__Required action__. Would you transcribe the listing that follows word for word, skipping pictures?
[Opening Supplied data section]
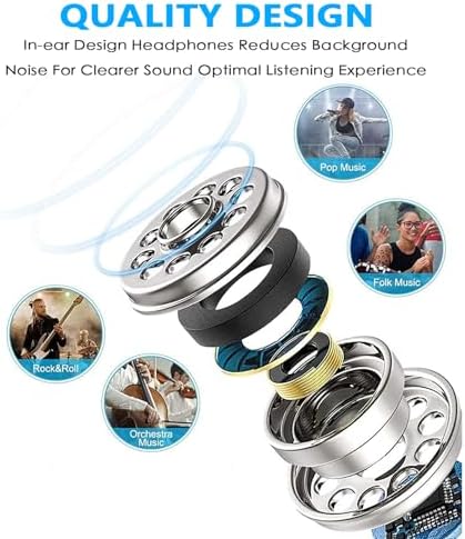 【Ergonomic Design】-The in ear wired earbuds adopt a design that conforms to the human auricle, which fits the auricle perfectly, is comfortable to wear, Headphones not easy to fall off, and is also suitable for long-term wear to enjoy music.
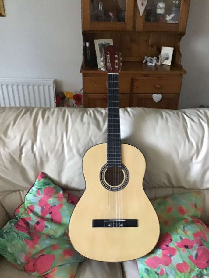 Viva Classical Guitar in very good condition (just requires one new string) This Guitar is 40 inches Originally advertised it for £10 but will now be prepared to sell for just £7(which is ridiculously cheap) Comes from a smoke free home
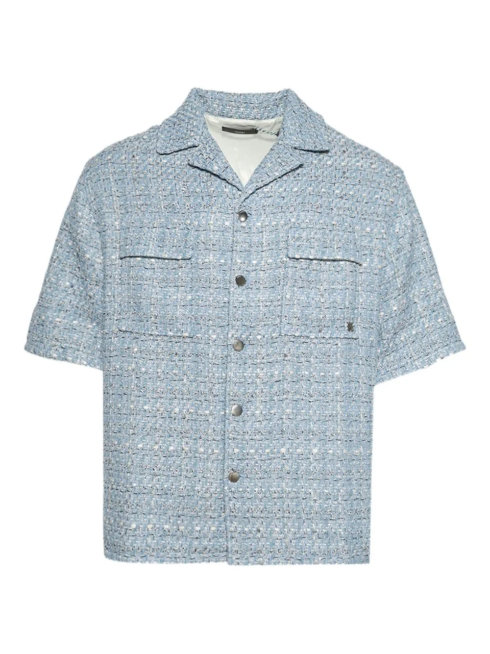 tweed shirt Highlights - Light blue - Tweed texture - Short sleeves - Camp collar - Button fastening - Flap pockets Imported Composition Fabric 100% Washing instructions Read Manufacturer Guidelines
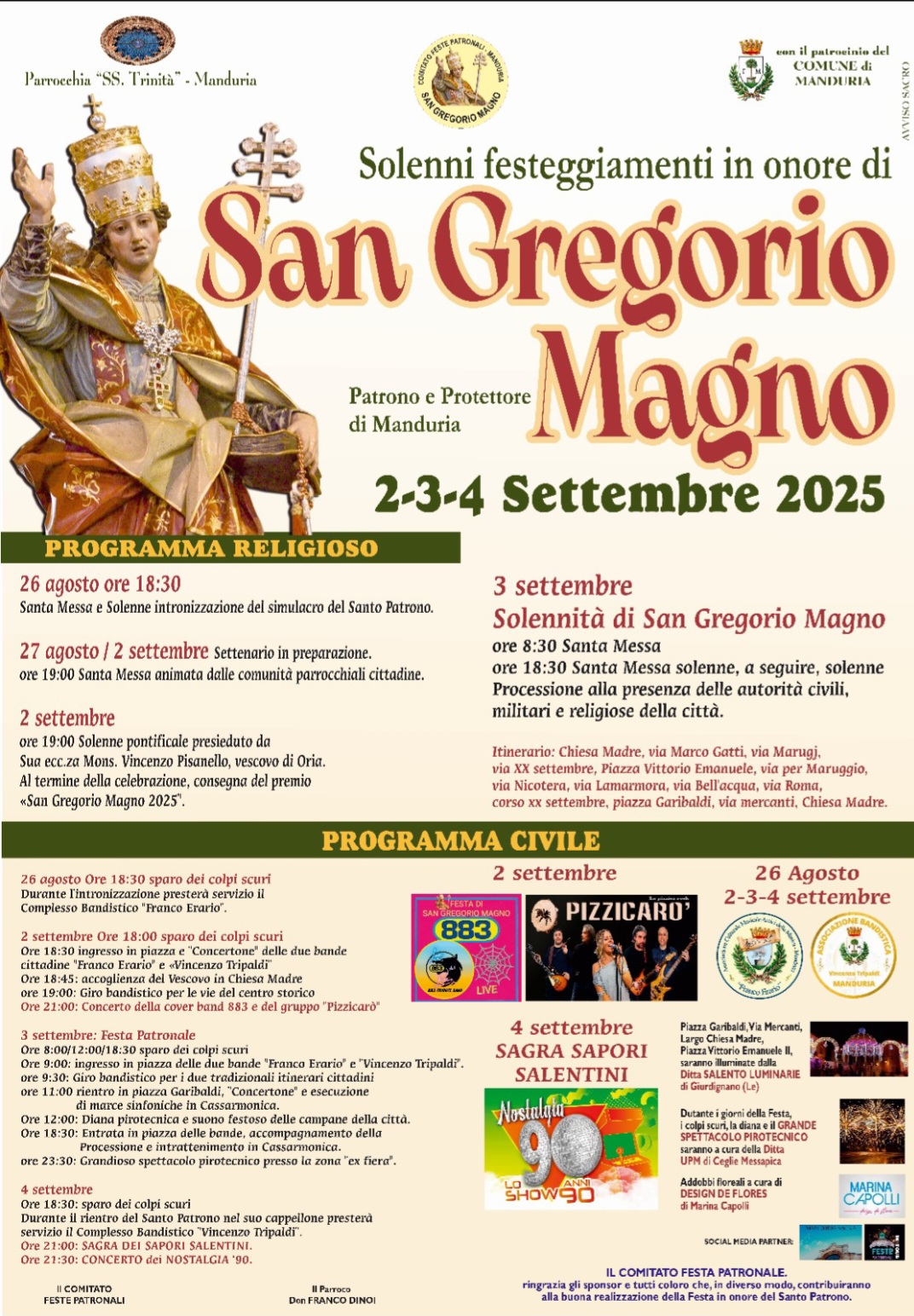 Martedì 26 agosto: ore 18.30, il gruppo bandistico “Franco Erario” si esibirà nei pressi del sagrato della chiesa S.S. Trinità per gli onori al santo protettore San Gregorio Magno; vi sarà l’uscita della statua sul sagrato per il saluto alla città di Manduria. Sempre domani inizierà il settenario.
[Closing Supplied data section]
__Response to the exercise__.
 【Ergonomic Design】-The in ear wired earbuds adopt a design that conforms to the human auricle, which fits the auricle perfectly, is comfortable to wear, Headphones not easy to fall off, and is also suitable for long-term wear to enjoy music.
 Viva Classical Guitar in very good condition (just requires one new string) This Guitar is 40 inches Originally advertised it for £10 but will now be prepared to sell for just £7(which is ridiculously cheap) Comes from a smoke free home
 tweed shirt Highlights - Light blue - Tweed texture - Short sleeves - Camp collar - Button fastening - Flap pockets Imported Composition Fabric 100% Washing instructions Read Manufacturer Guidelines
 Martedì 26 agosto: ore 18.30, il gruppo bandistico “Franco Erario” si esibirà nei pressi del sagrato della chiesa S.S. Trinità per gli onori al santo protettore San Gregorio Magno; vi sarà l’uscita della statua sul sagrato per il saluto alla città di Manduria. Sempre domani inizierà il settenario.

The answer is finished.